● **Data excerpts**:
_ _ _ _

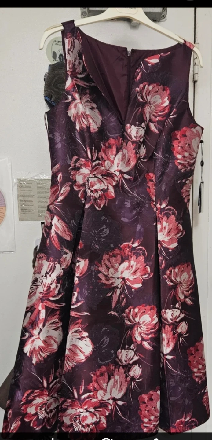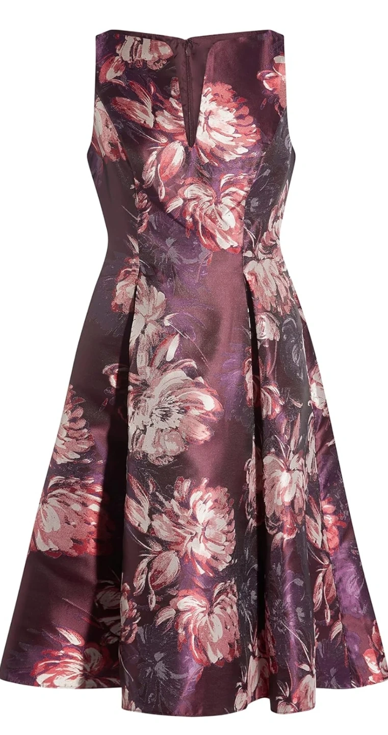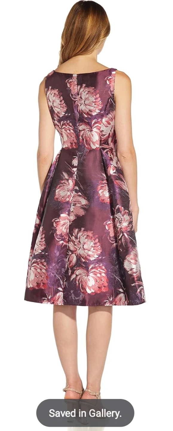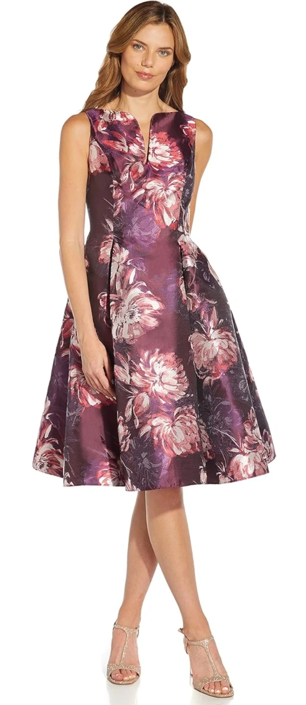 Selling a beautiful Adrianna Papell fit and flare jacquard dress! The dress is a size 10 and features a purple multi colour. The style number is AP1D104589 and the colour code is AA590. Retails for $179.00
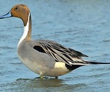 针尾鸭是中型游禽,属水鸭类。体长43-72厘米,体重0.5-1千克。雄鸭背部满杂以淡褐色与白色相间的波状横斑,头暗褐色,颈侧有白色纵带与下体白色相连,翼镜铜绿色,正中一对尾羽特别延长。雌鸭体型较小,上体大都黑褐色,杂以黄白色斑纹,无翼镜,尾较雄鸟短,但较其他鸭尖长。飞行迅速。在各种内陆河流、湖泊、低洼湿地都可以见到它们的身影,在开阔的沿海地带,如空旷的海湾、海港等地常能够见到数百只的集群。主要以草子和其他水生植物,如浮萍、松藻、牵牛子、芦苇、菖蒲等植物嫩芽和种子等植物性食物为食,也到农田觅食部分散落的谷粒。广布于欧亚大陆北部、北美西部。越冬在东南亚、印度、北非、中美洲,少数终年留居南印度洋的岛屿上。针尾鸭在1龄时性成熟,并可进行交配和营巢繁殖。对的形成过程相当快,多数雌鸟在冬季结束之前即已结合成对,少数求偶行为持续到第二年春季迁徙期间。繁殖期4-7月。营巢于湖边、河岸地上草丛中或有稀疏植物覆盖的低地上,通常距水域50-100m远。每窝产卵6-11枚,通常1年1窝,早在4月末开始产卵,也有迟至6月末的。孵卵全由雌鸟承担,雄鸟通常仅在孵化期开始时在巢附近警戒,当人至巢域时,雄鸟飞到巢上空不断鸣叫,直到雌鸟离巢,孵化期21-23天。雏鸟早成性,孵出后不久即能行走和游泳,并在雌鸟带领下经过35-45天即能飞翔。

_ _ _ _

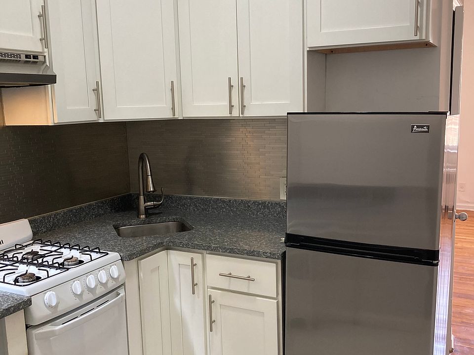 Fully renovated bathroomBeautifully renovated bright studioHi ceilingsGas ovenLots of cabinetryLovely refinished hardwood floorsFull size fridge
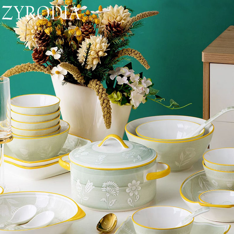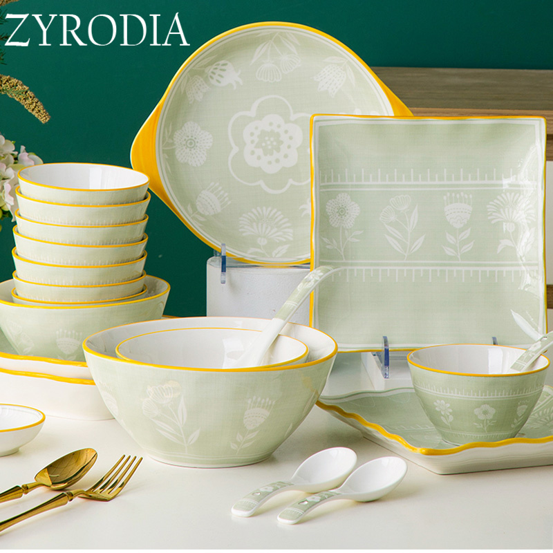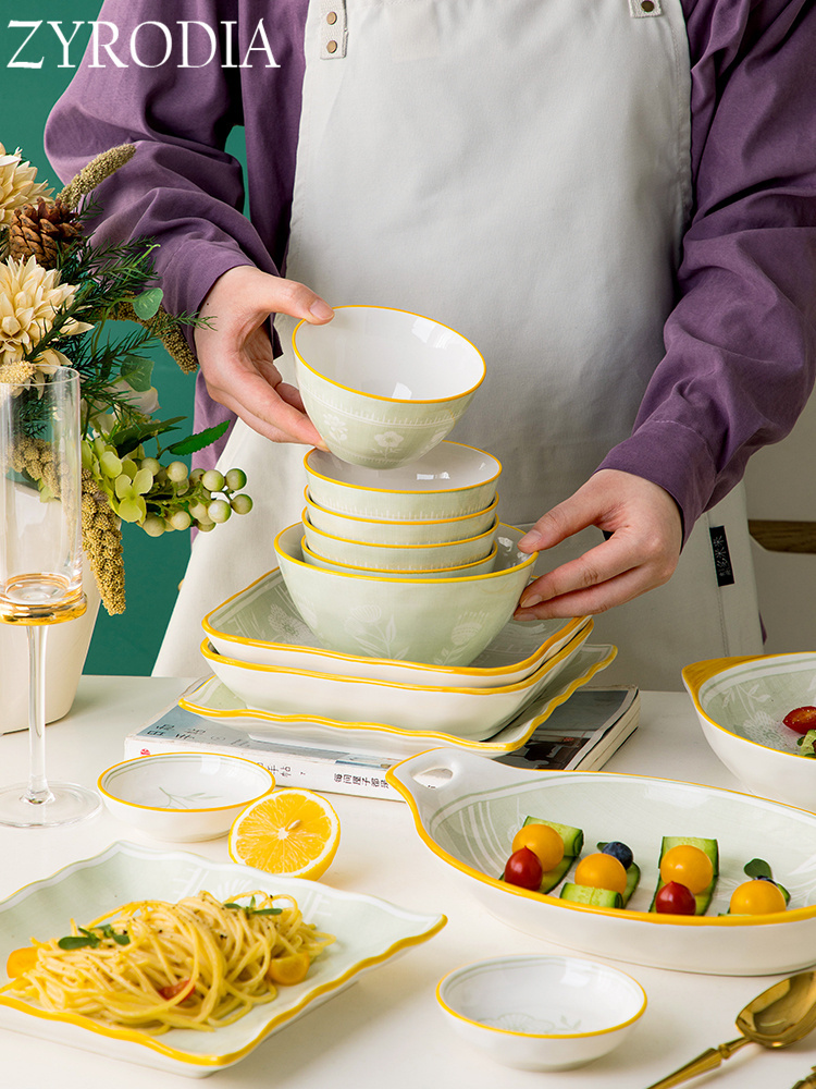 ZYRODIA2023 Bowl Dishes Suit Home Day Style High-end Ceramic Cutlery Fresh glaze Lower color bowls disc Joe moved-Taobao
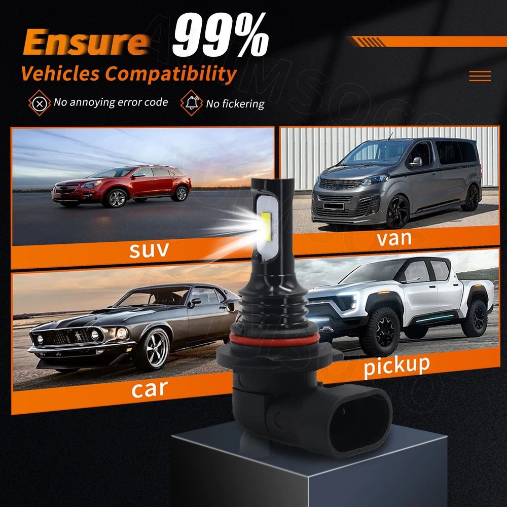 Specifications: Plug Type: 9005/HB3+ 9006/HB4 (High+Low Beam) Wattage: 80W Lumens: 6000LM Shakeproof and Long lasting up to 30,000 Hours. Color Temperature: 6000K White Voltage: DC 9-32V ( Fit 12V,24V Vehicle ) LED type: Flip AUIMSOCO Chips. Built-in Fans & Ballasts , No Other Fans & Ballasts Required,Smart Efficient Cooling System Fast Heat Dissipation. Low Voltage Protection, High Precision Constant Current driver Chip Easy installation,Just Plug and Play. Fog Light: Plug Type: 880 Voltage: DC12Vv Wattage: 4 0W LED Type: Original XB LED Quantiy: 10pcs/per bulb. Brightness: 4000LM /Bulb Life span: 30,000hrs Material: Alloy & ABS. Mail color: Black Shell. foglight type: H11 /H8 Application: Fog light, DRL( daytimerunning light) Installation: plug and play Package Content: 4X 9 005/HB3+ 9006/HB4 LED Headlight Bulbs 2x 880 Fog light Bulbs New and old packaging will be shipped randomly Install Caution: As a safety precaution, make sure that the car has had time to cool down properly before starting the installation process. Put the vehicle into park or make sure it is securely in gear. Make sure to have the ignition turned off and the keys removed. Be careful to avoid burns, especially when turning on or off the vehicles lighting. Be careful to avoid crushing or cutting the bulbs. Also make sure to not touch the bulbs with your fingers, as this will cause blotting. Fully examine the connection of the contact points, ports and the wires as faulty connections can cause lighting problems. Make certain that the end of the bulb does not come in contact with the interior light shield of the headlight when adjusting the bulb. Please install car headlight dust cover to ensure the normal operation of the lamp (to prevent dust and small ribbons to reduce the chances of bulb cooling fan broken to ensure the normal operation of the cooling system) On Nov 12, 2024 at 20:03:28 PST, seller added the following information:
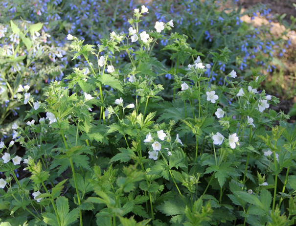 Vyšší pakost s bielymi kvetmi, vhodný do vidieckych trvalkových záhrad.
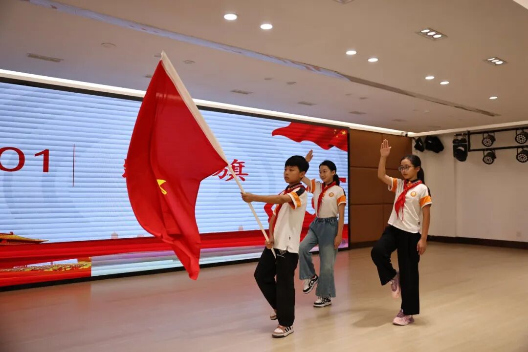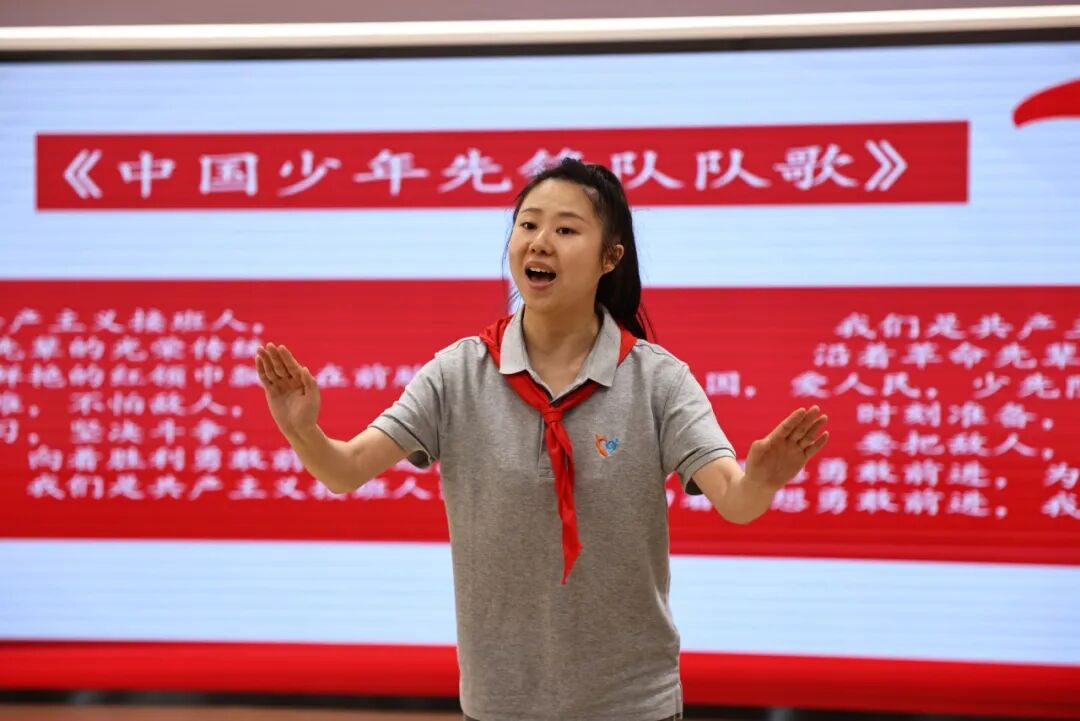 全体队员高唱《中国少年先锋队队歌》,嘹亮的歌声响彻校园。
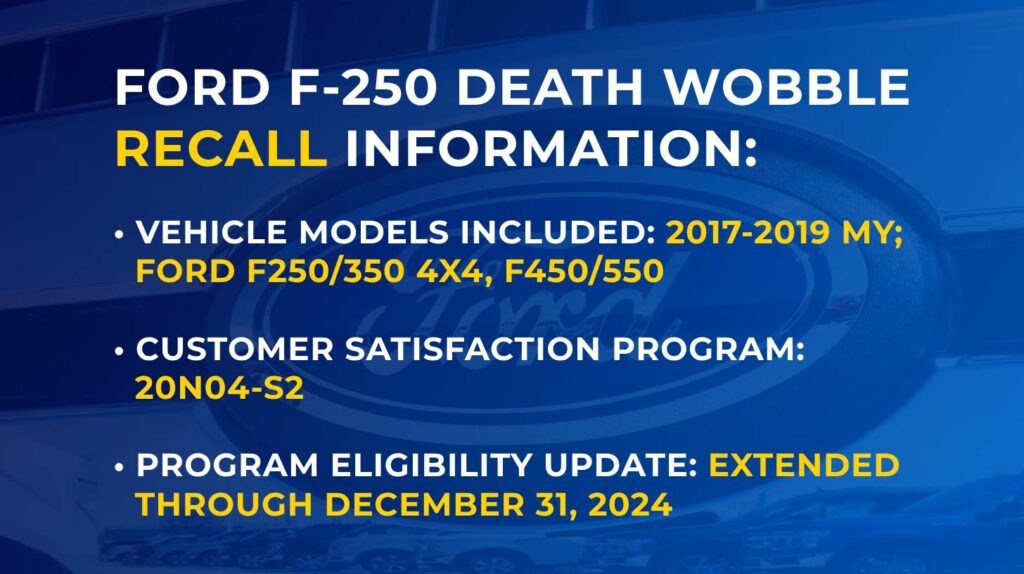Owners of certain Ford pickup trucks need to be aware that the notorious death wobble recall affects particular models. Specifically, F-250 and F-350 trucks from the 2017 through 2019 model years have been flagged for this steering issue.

_ _ _ _

All lines above from the one containing "ZYRODIA2023 Bowl Dishes" up to and including the one containing "全体队员高唱《中国少年先锋队队歌》,嘹亮的歌声响彻校园。" are to be set down exactly, and nothing else. Leave images out.

 ZYRODIA2023 Bowl Dishes Suit Home Day Style High-end Ceramic Cutlery Fresh glaze Lower color bowls disc Joe moved-Taobao
 Specifications: Plug Type: 9005/HB3+ 9006/HB4 (High+Low Beam) Wattage: 80W Lumens: 6000LM Shakeproof and Long lasting up to 30,000 Hours. Color Temperature: 6000K White Voltage: DC 9-32V ( Fit 12V,24V Vehicle ) LED type: Flip AUIMSOCO Chips. Built-in Fans & Ballasts , No Other Fans & Ballasts Required,Smart Efficient Cooling System Fast Heat Dissipation. Low Voltage Protection, High Precision Constant Current driver Chip Easy installation,Just Plug and Play. Fog Light: Plug Type: 880 Voltage: DC12Vv Wattage: 4 0W LED Type: Original XB LED Quantiy: 10pcs/per bulb. Brightness: 4000LM /Bulb Life span: 30,000hrs Material: Alloy & ABS. Mail color: Black Shell. foglight type: H11 /H8 Application: Fog light, DRL( daytimerunning light) Installation: plug and play Package Content: 4X 9 005/HB3+ 9006/HB4 LED Headlight Bulbs 2x 880 Fog light Bulbs New and old packaging will be shipped randomly Install Caution: As a safety precaution, make sure that the car has had time to cool down properly before starting the installation process. Put the vehicle into park or make sure it is securely in gear. Make sure to have the ignition turned off and the keys removed. Be careful to avoid burns, especially when turning on or off the vehicles lighting. Be careful to avoid crushing or cutting the bulbs. Also make sure to not touch the bulbs with your fingers, as this will cause blotting. Fully examine the connection of the contact points, ports and the wires as faulty connections can cause lighting problems. Make certain that the end of the bulb does not come in contact with the interior light shield of the headlight when adjusting the bulb. Please install car headlight dust cover to ensure the normal operation of the lamp (to prevent dust and small ribbons to reduce the chances of bulb cooling fan broken to ensure the normal operation of the cooling system) On Nov 12, 2024 at 20:03:28 PST, seller added the following information:
 Vyšší pakost s bielymi kvetmi, vhodný do vidieckych trvalkových záhrad.
 全体队员高唱《中国少年先锋队队歌》,嘹亮的歌声响彻校园。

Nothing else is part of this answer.